This is what I have been trying to argue. You don't cater to the poopsockers, not exclusively. You can have multiple stages of end game in which the design philosophies are vary different, yet cohesive and work. It doesn't have to be Raid vs group content. We are at a point now where we can do many things outside of basic raiding and grouping. All of them put together make for a very interesting game design. Not saying MNM will do that, but you don't need to instance to cater to raiders or casuals. You can think outside the box!
You're talking about layered endgame systems with different philosophies that somehow coexist cohesively - contested, non-instanced, socially driven, varied progression paths, etc. That's ambitious. It's also something teams with 100+ developers struggle to execute.
This is a studio that takes eight months+ to finish a starter zone.
Eight. Months. And we're supposed to believe they're going to build multiple parallel endgame layers that are tuned, balanced, iterated, and maintained before launch? Or even shortly after? With a mostly part-time team?

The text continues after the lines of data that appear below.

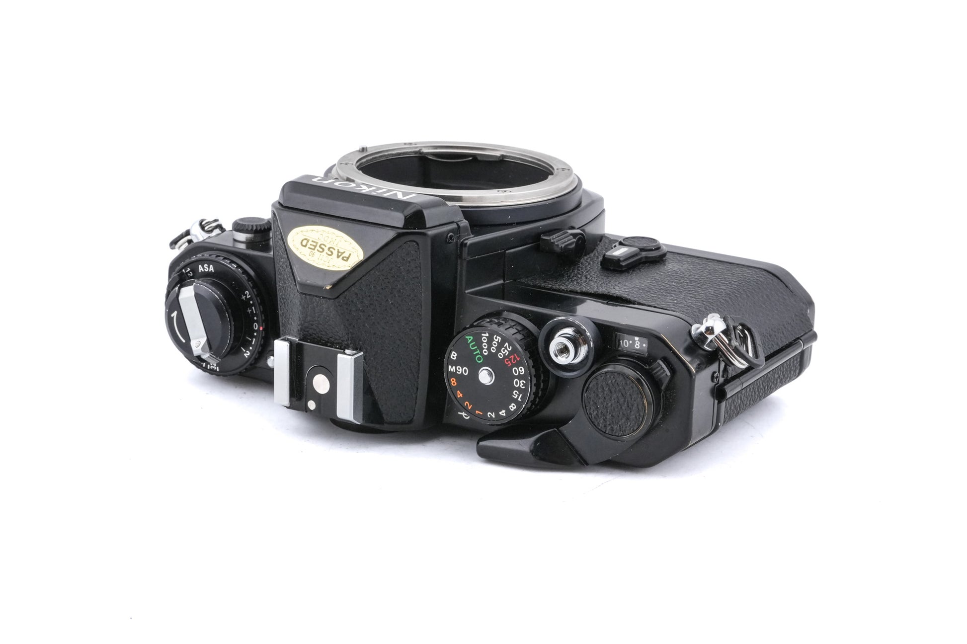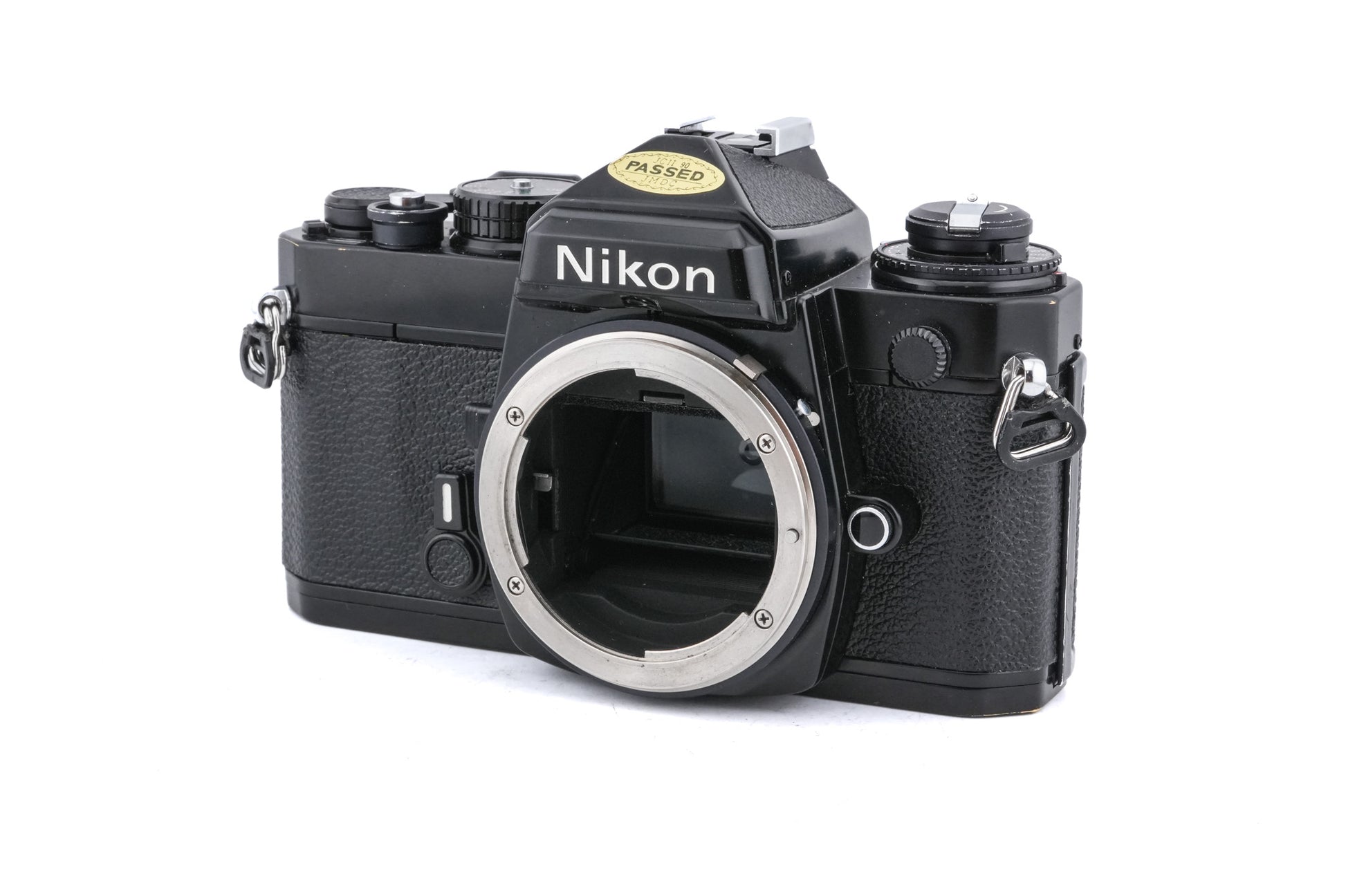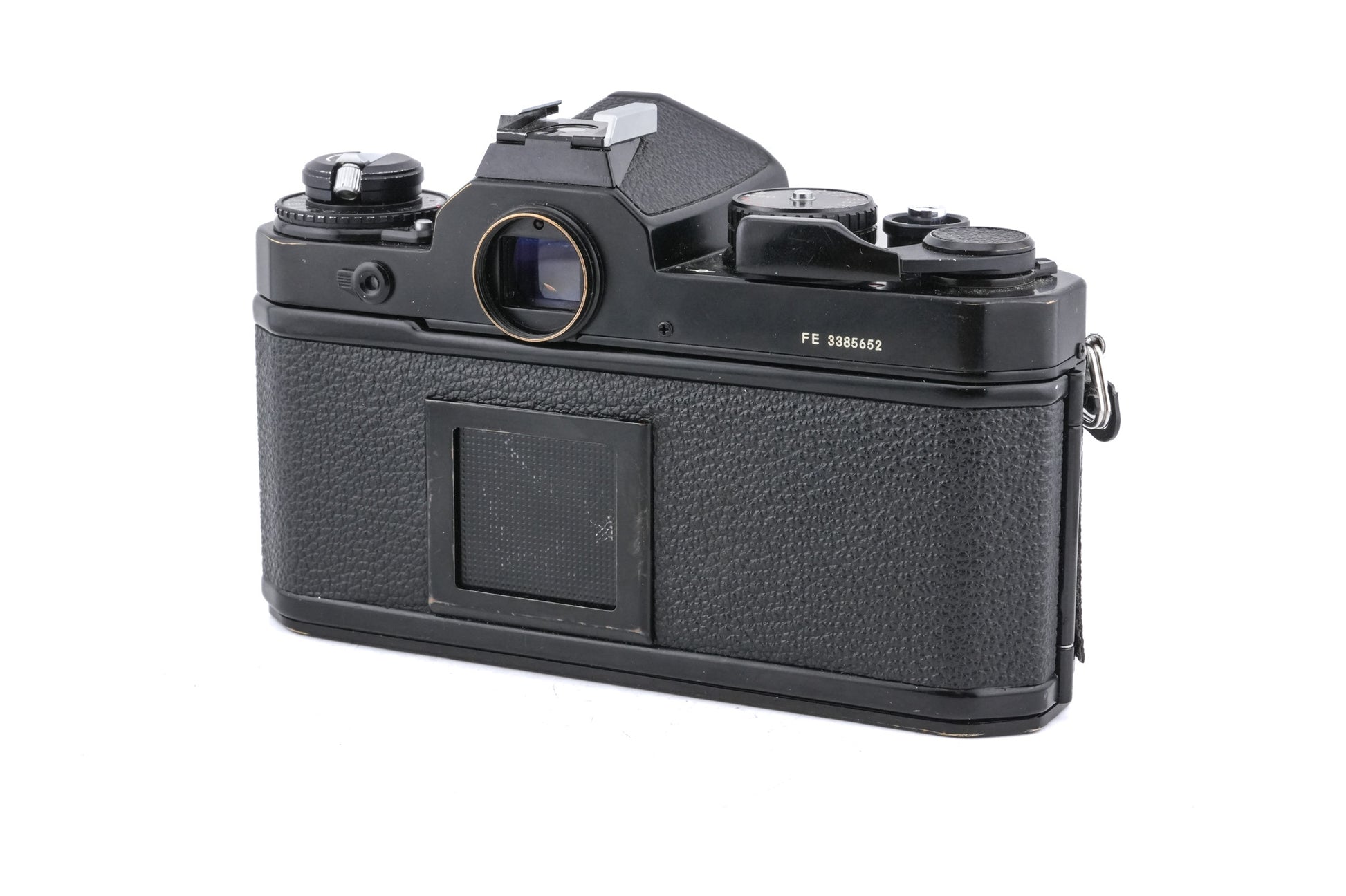 Manual focus F-mount 35mm SLR released by Nikon in 1978. It was a replacement for the Nikon EL2 and EL-W. The FE has an electronically-controlled focal plane shutter and is capable of aperture priority auto exposure as well as manual exposure. It will only meter properly with lenses that have the AI ridge and an aperture ring. Metal body available in black & silver.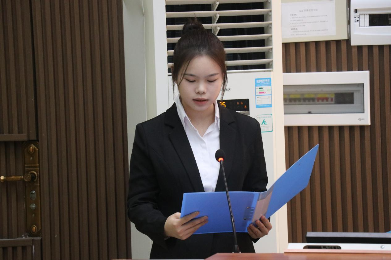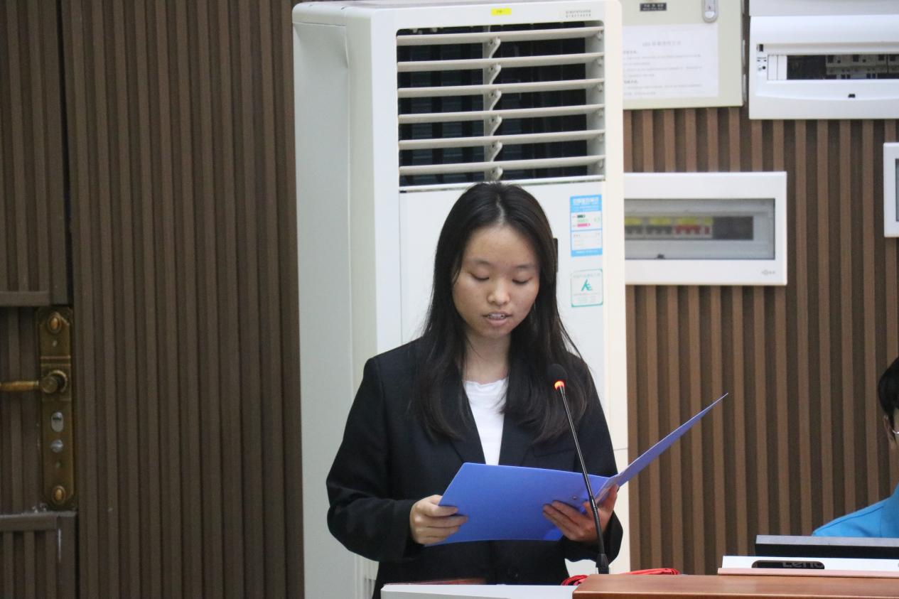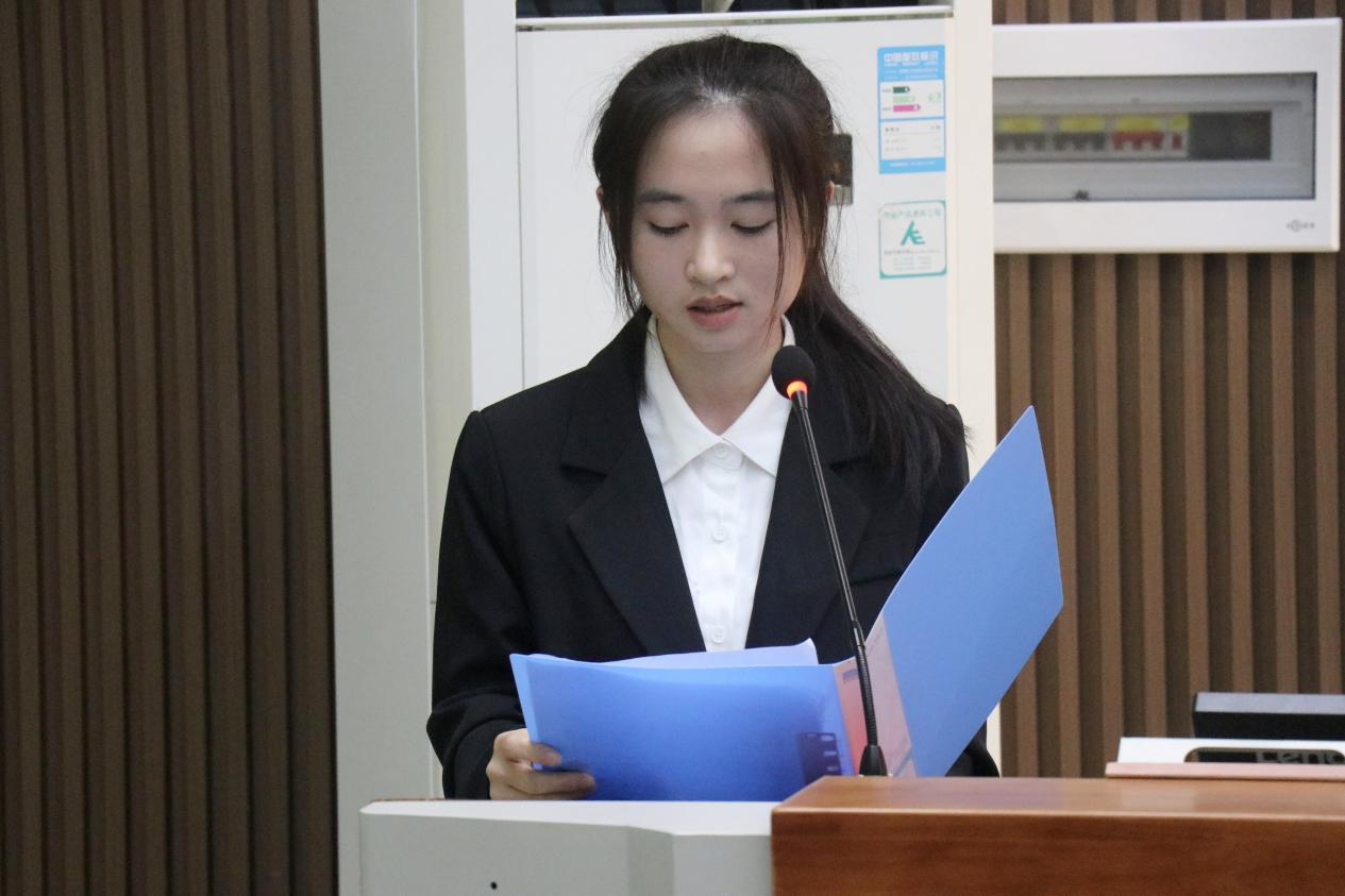 员工会学习部廖舒羽述职 (陆缘/摄)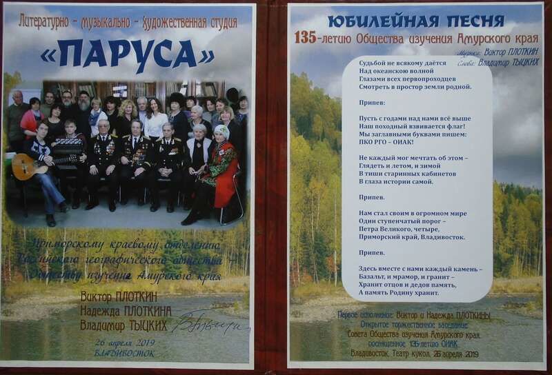 Литературные «Паруса» ПриморьяОчередной сбор Литературно-музыкально-художественной студии "Паруса" состоялся в период праздничных мероприятий, посвящённых 135-летию Общества изучения Амурского края. Забегая вперёд, скажем, что студийцы приняли активное участие в торжествах, прошедших в Приморском краевом театре кукол. Заметим, в числе студийцев есть и члены Приморского регионального отделения Союза машиностроителей России. Студийцы, гордые своей принадлежностью к ОИАК, продолжили празднование юбилея уникального, первого на востоке России культурно-просветительского общества. "Паруса" творчески готовились к знаменательной дате. Подарком любимой организации стала картина активиста студии, члена Союза художников России, Почётного члена Российской академии художеств, академика-секретаря Китайско-Российской академии изобразительных искусств Владимира Листрового. Сам Владимир Сергеевич находится на международном пленере, его живописное полотно вручила председателю ПКО РГО – ОИАК Алексею Буякову давний друг "Парусов", известная приморская журналистка и общественный деятель Наталья Козырева. Настоящий сюрприз приготовили для участников торжественного юбилейного собрания композитор Виктор Плоткин и поэт Владимир Тыцких. Они написали песню, посвященную Приморскому краевому отделению РГО – ОИАК, которая была исполнена с праздничной сцены дуэтом в составе Виктора и Надежды Плоткиных. На заседании Студии по поручению председателя ОИАК Алексея Буякова были вручены награды активистам "Парусов". Медалью "Владимир Клавдиевич Арсеньев" отмечена многолетняя работа в Русском географическом обществе библиофила, краеведа-эколога Ольги Борисовской. Фотографы, видеохроникеры студии Елена и Ирина Подосинниковы удостоены Почетной грамоты и Благодарственного письма ПКО РГО – ОИАК. Им принадлежат десятки видеосюжетов, сотни и сотни фотографий, опубликованных на интернет-сайтах России, вошедших в книги, журналы и хронографы, изданные в рамках благотворительной издательской программы ОИАК "Народная книга", составляющих фото— и видеофонд "Парусов". Кроме того, студийцы обсудили новую книгу кандидата исторических наук, прозаика и публициста Рима Самигулина "Кесарево сечение". Вышедшая тиражом 100 экземпляров, книга о жизни таёжного посёлка вызвала живой интерес, стимулировала эмоциональный разговор о "сладкой" литературной каторге, о ткани художественного произведения, о законах построения романа и повести, о лирике и героике, о тайнах образности и ещё много о чём. Главное, что всем понравилось. Это бывает тогда, когда перед нами действительно литературное произведение, которое можно, если есть желание и воля автора, превращать в произведение более высокохудожественное. Участниками дискуссии стали читатели и писатели: профессора МГУ им. Г. И. Невельского В. Гаманов и А. Бурундуков, краевед О. Борисовская, профессор ТОВВМУ им. С. О. Макарова, поэт, доктор философских наук В. Кулешов, член Союза российских писателей Э. Кочеткова, член Союза писателей России В. Тыцких. «Прогресс Приморья», № 20 (533) от 31.05.2019 г. |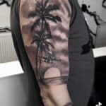 Tetování strom, palma, moře, dopravní prostředek letadlo na rameno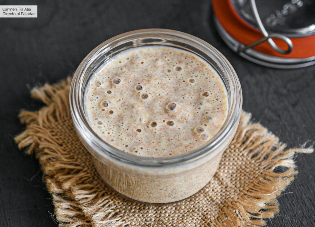 En el segundo día añadimos medio vaso de harina de fuerza y de agua y una cucharadita de azúcar. Removemos y dejamos reposar por otras 24 horas.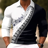 More information about Music Festival Men's Music Polo Shirts Golf Shirt Long Sleeve Polo Shirts Collared Shirts Casual Vacation Wear Festival Wear Party Outfits 3D Print Buttons Fall & Winter Black White Wine

You can't simultaneously argue that, "They’re tiny and that's fine." "They don't need mass appeal." "They're just building something small and focused." And then also argue they're going to deliver a multi-tiered, cohesive, non-instanced, anti-poopsock, anti-casual, anti-meta endgame ecosystem that rivals what larger studios attempt and fail at.
You absolutely can design around poopsockers without instancing. You can use lockouts, rotating objectives, dynamic spawn systems, scaling mechanics, reward throttling, soft competition layers, etc. But
every single one of those systems takes time to design, test, iterate, and police. Time is the one resource they demonstrably
do not have in abundance.
"Think outside the box" only works if you have the manpower to build the thing you're imagining. And the project lead just got done telling us they need you to pay them $15/month for the next few years for the privilege of allowing them to
hire the manpower. This whole conversation is exactly why I spent so much time 30 pages ago reiterating that you cannot design around a nostalgic emotional imprint and ignore the structural realities of 2026. Wanting something to
feel like old EQ doesn't make it viable in the current market. Designing around emotion without designing around production realities is how you end up with burnout, content drought, and emergency pivots six months in.
But, I really look forward to the, "A REAL EQ SEQUEL JUST HASN'T BEEN TRIED YET!!!" posts in 2 years.